SEATTLE — The confetti had barely settled, the smell of pyrotechnics still lingering in the cool Seattle late November evening. Myriad fans stuck around long after the players had disappeared into the locker room to douse each other in champagne, some not sure what to do next and others simply refusing to stop celebrating.
Inside the locker room at CenturyLink Field, in the coaches’ office tucked away, assistants Gonzalo Pineda and Djimi Traore didn’t stop working. The Seattle Sounders had just convincingly defeated the Houston Dynamo 5-0 on aggregate in the Western Conference Championship to advance to their second consecutive MLS Cup, but the job, as captain Osvaldo Alonso coined during last year’s title run, is not finished yet.
Pineda and Traore had already started going over the lineup for Toronto FC, who the Sounders will face in a rematch of last year’s final at BMO Field on Saturday, Dec. 9. Head Coach Brian Schmetzer thanked his assistants, saying he was blessed with a talented and hardworking staff, but he was intent, too, on making sure his team enjoyed Thursday’s moment.
“The best part of my evening was when Ozzie took the trophy up to the fans, and those fans cheered every single player who raised the cup,” said Schmetzer. “That is the example that I keep talking about. The relationship between the fans and the players is what makes this club so special.”
The Sounders held a strong advantage entering Leg 2 after an impressive 2-0 away win in Houston last week and made a massive statement in the return leg. Víctor Rodríguez opened the scoring off a deft pass from Will Bruin, Clint Dempsey scored his franchise-record sixth postseason tally and Bruin fittingly finished off his former team with his second goal in the series.
Seattle has played the best postseason soccer of any team in MLS and is yet again peaking at the right time. The Sounders have not conceded in a playoff record 647 minutes dating back to the first leg of the 2016 Western Conference Championship — a streak of nearly seven consecutive matches — and have not allowed a goal in their last 542 minutes dating back to their match with the Philadelphia Union on Oct. 1.
“We had a motivated group [this year],” said Schmetzer. “We had a veteran group. We had a team that during that long [unbeaten] streak was able to manufacture points to get us into second, which was key. The players just want it. They just want another championship. I know Dempsey is super, super motivated. I know Román [Torres] and [Nicolás Lodeiro] and all the guys who were here last year, Ozzie, they’re super motivated. The group is ready to compete for a championship.”

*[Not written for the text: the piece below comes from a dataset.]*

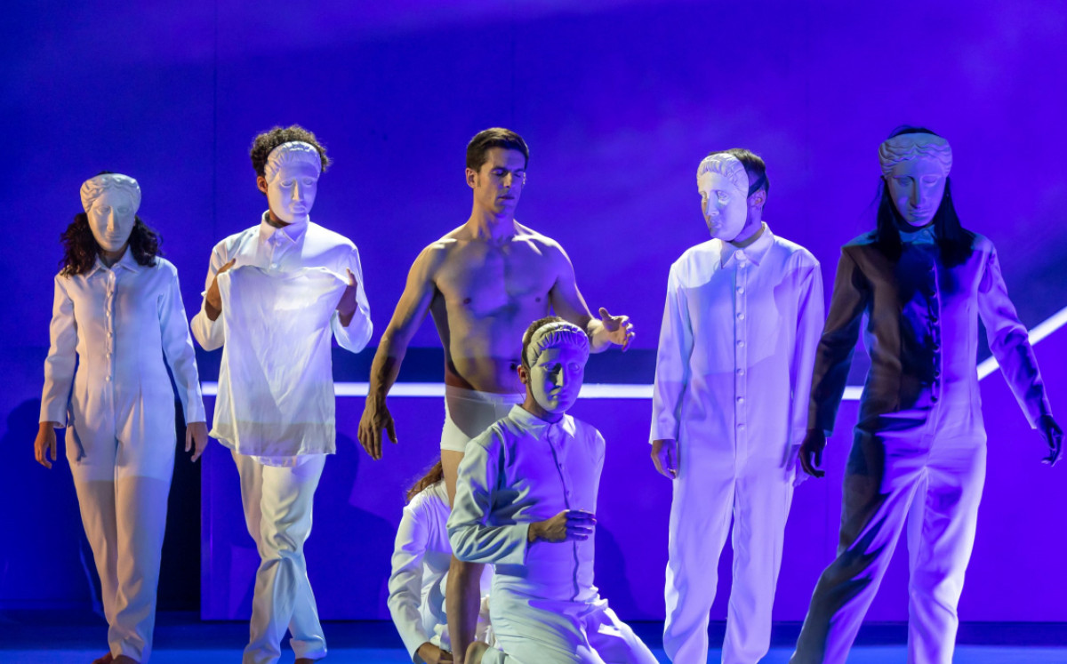La acción, pausada, se desenvuelve sin más elemento escenográfico que una pantalla sobre la que interactúan los efectos de luz, obra de Juan Gómez-Cornejo, y la presencia, por delante o por detrás, de los intérpretes, cuyo movimiento queda aderezado en los momentos pertinentes por la música a tal efectoescrita por Mariano Marín.

The team that won 2016 MLS Cup did something special and felt like a team of destiny after its spectacular run to qualify for the playoffs. This 2017 edition isn’t a feel-good story. This is a team that is firing on all cylinders, defeating teams in multiple ways, and has played every bit like champions during this current postseason stretch.
The Sounders have outscored their opponents 7-0 in four playoff matches, and all seven goals have come from players who did not participate in last year’s postseason. Dempsey, who has a team-high three goals, missed the final third of 2016 with an irregular heartbeat and watched Seattle hoist its first league title from the sidelines. Bruin, who has two goals, was struggling to find the field in Houston, Gustav Svensson was in China and Rodríguez was playing on a soon-to-be relegated Sporting Gijón side in Spain’s La Liga.
Seattle also added fullback Kelvin Leerdam in the midseason transfer window. Since his arrival in early July after winning the Dutch Cup with Feyenoord, the Sounders have only lost twice and conceded eight goals in 18 matches.
“It’s the best feeling, it’s what you do it for,” Leerdam said of winning trophies. “You train hard the whole year just to reach that goal. We have one game left, the biggest game of the season. It’s easy to come here and do it once, but if you do it twice it’s much more difficult. Everybody wants to beat you when you’re the champion, so I think we had a long, long road to come here, but we’re not there yet.
“Toronto is at home, last season they lost at home to Seattle, they don’t want that to happen twice,” he continued. “The pressure is going to be on us because we are the defending champions, but it’s going to be on them too because they play at home for the second time, they broke the record in a season, it’s going to be tough game for both of us and may the best team win.”
The Seattle Sounders are the reigning MLS Cup champions until Dec. 9, but it’s a title they intend to keep.
“It’s a confident team,” Schmetzer beamed, “and it’s a team that’s not finished with defending our cup.”